The Psychoactive Substances Act 2013 commenced in July 2013 and was amended in May 2014. Its purpose is to make low risk products that contain psychoactive substances available through a regulated market. Psychoactive substances are illegal if they are not approved products.
The Ministry of Health has published its review of the “legal high” law.
The review concludes that the Psychoactive Substances Act 2013 has not achieved its purpose of protecting health and minimising harm.
- Available data shows that there have been no approved products yet and no licence applications have been received for retailing, manufacturing or wholesaling psychoactive products.
- Convictions have increased for offences under the Act from seven in 2013 to 172 in 2017. Māori are overrepresented in the number of convictions – 99 compared to 49 Europeans, 19 Pacific peoples and five “other”.
- The number of seized products has increased since the Act was introduced. The frequency of synthetic cannabis and cannabinoids customs and police seizures have increased from 105 in 2014 to 501 in 2017.
Obstacles impacting on the implementation of the Act
Animal testing: Following a petition in mid-2014, a 2014 amendment to the Act provided that the Psychoactive Advisory Committee can only consider the evidence from animal testing to ban a product, not to approve it. Therefore, a product can only be approved and licensed where an alternative to animal testing is available.
Environment change: Since the implementation of the Act some psychoactive substances are now available that are even more risky and prevalent.
Border control: This is a challenge to the NZ Police and Customs Service due to the large volumes of different and new substances being encountered.
Prior to the Act some psychoactive substances were regulated under the Misuse of Drugs Act 1975 and others were not regulated at all. There were between 200 and 300 unregulated substances by 2013 and there was increasing community concern about these products. Party pills, designer drugs and legal highs were sold in dairies and bottle stores and the reports of negative side-effects were a growing concern.
After the commencement of the Act a strong market has developed for unapproved (therefore illicit) psychoactive products.

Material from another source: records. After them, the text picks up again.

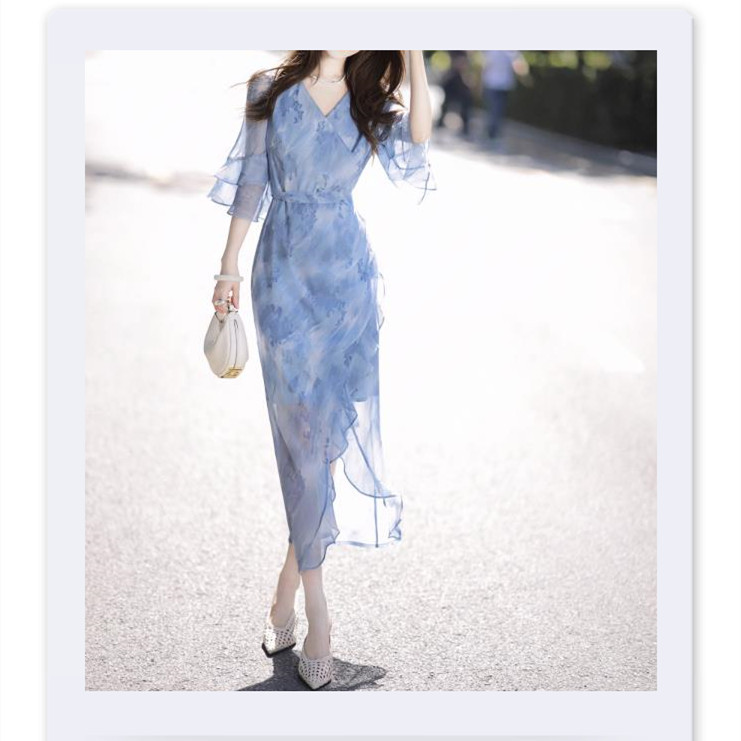 |夏天的风|荷叶边蓝色仙女裙新款小清新雪纺连衣裙
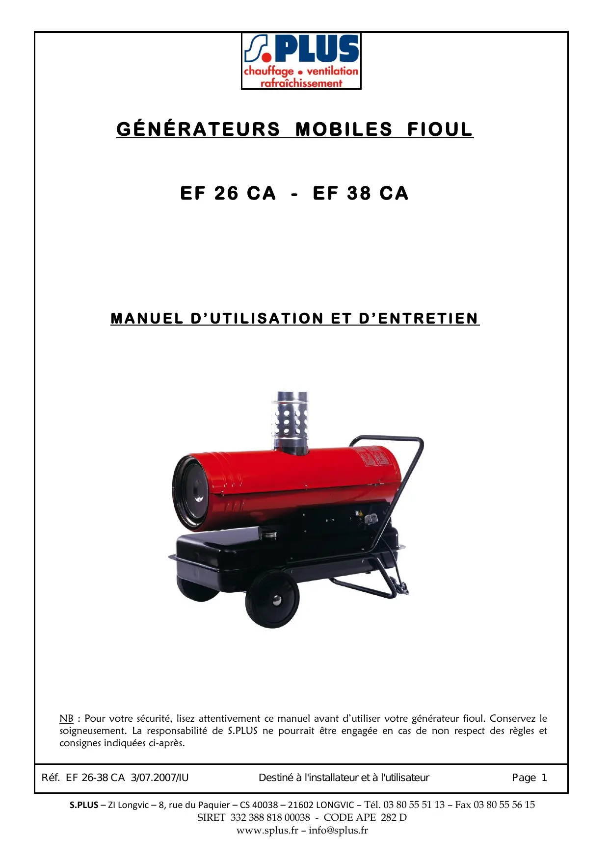 EF 26 CA - Chauffage mobile S.PLUS - Notice d'utilisation et mode d'emploi gratuit
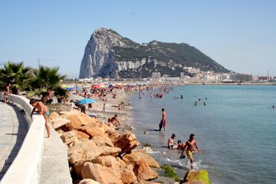 Het strand biedt direct uitzicht op Gibraltar en markeert de grens tussen Spaans en Brits grondgebied.
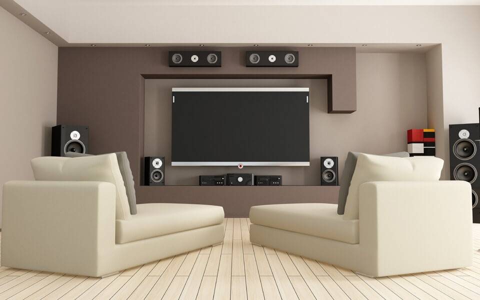 Для менее глобальных внедрений можно приобрести домашний кинотеатр с хорошим сабвуфером и колонками и подключить к стационарному экрану телевизора или монитора компьютера. Акустика может иметь разную конфигурацию. Для помещения до 30кв.м. объемный звук обеспечит акустика 5.1. Это аудиосистема, установленная с сабвуфером непосредственно рядом с экраном и расставленные по сторонам четыре колонки.
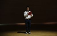 第四篇章支部党员卢佳璇讲述雷锋精神发祥地。从在鞍钢化工总厂与辽宁结缘,在辽阳应征入伍,在营口接受新兵操练,再到抚顺工作生活,展现了共产主义战士雷锋在辽宁四年苦干实干、争做贡献、无私奉献的精神。男声小合唱《接过雷锋的枪》,激昂的旋律,高亢的歌声,激发党员师生践行雷锋精神,做全心全意为人民服务楷模的决心、信心。

Because the market has been driven underground there is limited ability to manage risks to health of users, which according to Coroner reports has been significant. Between 40 and 45 deaths have been provisionally attributed to psychoactive substances.
The reviewers considered that the penalties and offences may be out of step with the actual risk of harm posed by the increasing availability of high-risk products.
The result of the pending referendum about cannabis law reform will potentially influence changes to offences and penalties for cannabis related offences and when this happens it is expected that penalties and offences for other drugs and psychoactive substances will also be considered.